Sara’s brother Nick had won a fairly large regional debate team competition his junior year of high school and Sara remembers how happy he had been that night. Their mother did not attend the debate but picked them up afterward and treated them to a meal in the towns nicest restaurant. She kept telling waitstaff how her son had just won a very important debate competition and they were out to celebrate him.

“Look at me gushing, but I can’t help it! I mean, this is a very competitive debate team he is on and he is younger than most of these kids he went up against, so here we are, celebrating a big victory!” She was beaming with pride. Sara remembers her mom looking pretty that night even though she hadn’t bothered to change out of her studio attire. A stiff white button down mens shirt rolled at the sleeves and Levis with pottery slurry splotched on the knees.

After that day their mother never mentioned Nicks debate again though, as if it had never even happened.

“Nick and I both knew she was always a little, I don’t know, emotionally unbalanced. But I never thought she would go so far. Erratic yes, but suicidal?” Sara sighed. Annoyed at the fact that even the way in which her mother died, just as she had lived, gave Sara no indication as to who she was.

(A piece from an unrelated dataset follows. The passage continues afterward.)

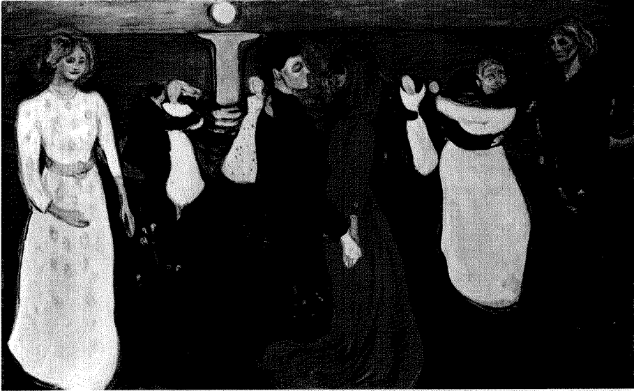
Fig. 3. Edvard Munch: La danza de la vida (1899).

As a child Sara had struggled to find a connection that would link them together, anything that would show her that they shared blood. But her mom was not a singular being with concrete personality traits. She shrunk and expanded in ways that made no logical sense and the few times Sara felt a kinship with her, it was always fleeting like a handful of water doomed to leak through her fingers. She would catalog these memories in her childhood journal and reread them time and time again. Like when Sara arrived home in tears after a friend told her her hair was the color of poop and her mom consoled her and took her for ice cream where she told her “Everyone has an opinion but that doesn’t mean they are right. Remember that!” At twelve when Sara needed a bra her mother had made the shopping experience fun. They got fancy drinks at a coffee shop and went to the Valley Shoppes. The nice mall which was a little too far outside of town but was worth the trip. She remembers how her mom made a funny joke about the mannequins in the bra department being too busty. “Excuse me miss?” Her mother had asked a sales woman. “We need some assistance finding a few bras that are suitable for the average human preteen girl, so nothing like this.” She said pointing toward the row of mannequins in lacy bras. They sang to Savage Garden in the car on the way home that day. They had moments few and far between of mother daughter affection. For the most part however Sara’s mothers love was poured into her work and not her children.

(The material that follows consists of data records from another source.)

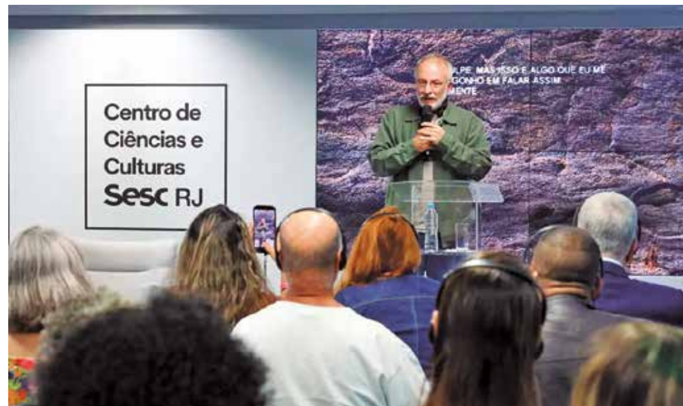
Professor da Universidade de Florença, Mancuso ministrou palestra no Rio de Janeiro

De acordo com as pesquisas de Mancuso, as plantas apresentam inteligência descentralizada e cooperativa. A tomada de decisões no reino vegetal ocorre de maneira distribuída por todo o organismo, princi-
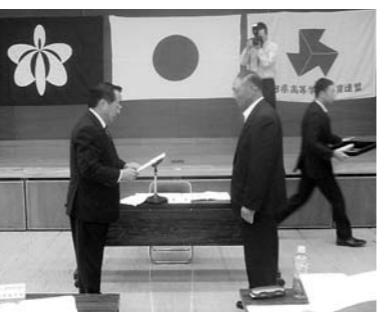
委員に委嘱状を手渡す長谷部市長
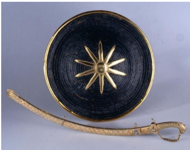
Afb. 8. Indonesisch schild met sabel , geschenk van de Susuhunan van Surakarta, Paku Buwono X, aan Koningin Wilhelmina ter gelegenheid van haar inhuldiging in 1898. Koninklijke Verzamelingen, Den Haag, MU-3900 (oud nummer HTB-604).

Daartegenover staat dat er in sommige gevallen langdurige persoonlijke relaties tussen Indonesische vorsten en het Nederlandse koningshuis werden opgebouwd. Dit geldt bij voorbeeld voor Paku Buwono X (1866-1939), die van 1893 tot zijn dood regeerde als Susuhunan of Keizer van Surakarta, een functie die weliswaar slechts een beperkte macht, maar wel veel aanzien en gezag gaf. Zijn streven naar een bijzondere relatie met Koningin Wilhelmina kan als een onderdeel van zijn politiek worden gezien. 47 Al bij haar inhuldiging in 1898 zond de Susuhunan Wilhelmina een aantal zeer kostbare gouden geschenken en ter gelegenheid van haar huwelijk in 1901 volgden gouden replica’s van een deel van zijn vorstelijke sieraden [afb. 8]. 48 Bij het regeringsjubileum van 1923 schonk Paku Buwono X een geheel ander cadeau, namelijk een schrijftafel met het rijkswapen van Surakarta met daarboven de Nederlandse kroon, een bijpassende bureaustoel en een zilveren schrijftafelgarnituur. Daarnaast schonk hij drie geschilderde en in djatihouten lijsten gestoken portretten van de Susuhunan zelf en van zijn oudste en jongste echtgenote. 49 Ook bij het huwelijk van Prinses Juliana en Prins Bernhard in 1937 ontbrak Paku Buwono X niet in de rij van schenkers.

Susan Kline was never one thing at any point in time except when she was working. In her youth she had received local recognition for her ceramics but she never took her talents seriously until after Sara was born.

Her tiny shop and online store ended up being rather lucrative despite how poorly Susan had managed it on her own until she finally hired an assistant. Some of her pieces had even ended up in museums. And yet she was always consumed with a mania to produce. “I’m feeling like something is incubating right now and I just need to call it forth!” She would say this each time she was trying a new technique, increasing her hours spent in the studio listening to piano music on cassette.

Both Sara and her brother had given up on trying to decipher their mother and eventually found peace in the distant relationship they had shared. They admired her from afar for her talent of course but mostly for her whimsical way of operating through the world. Her death however, created a kink in the abnormal normalcy that they had grown comfortable with.

“Will you miss her?” Leo asked. He had known of Sara’s unorthodox relationship with her mother.

“I think I’ve missed her my whole life.”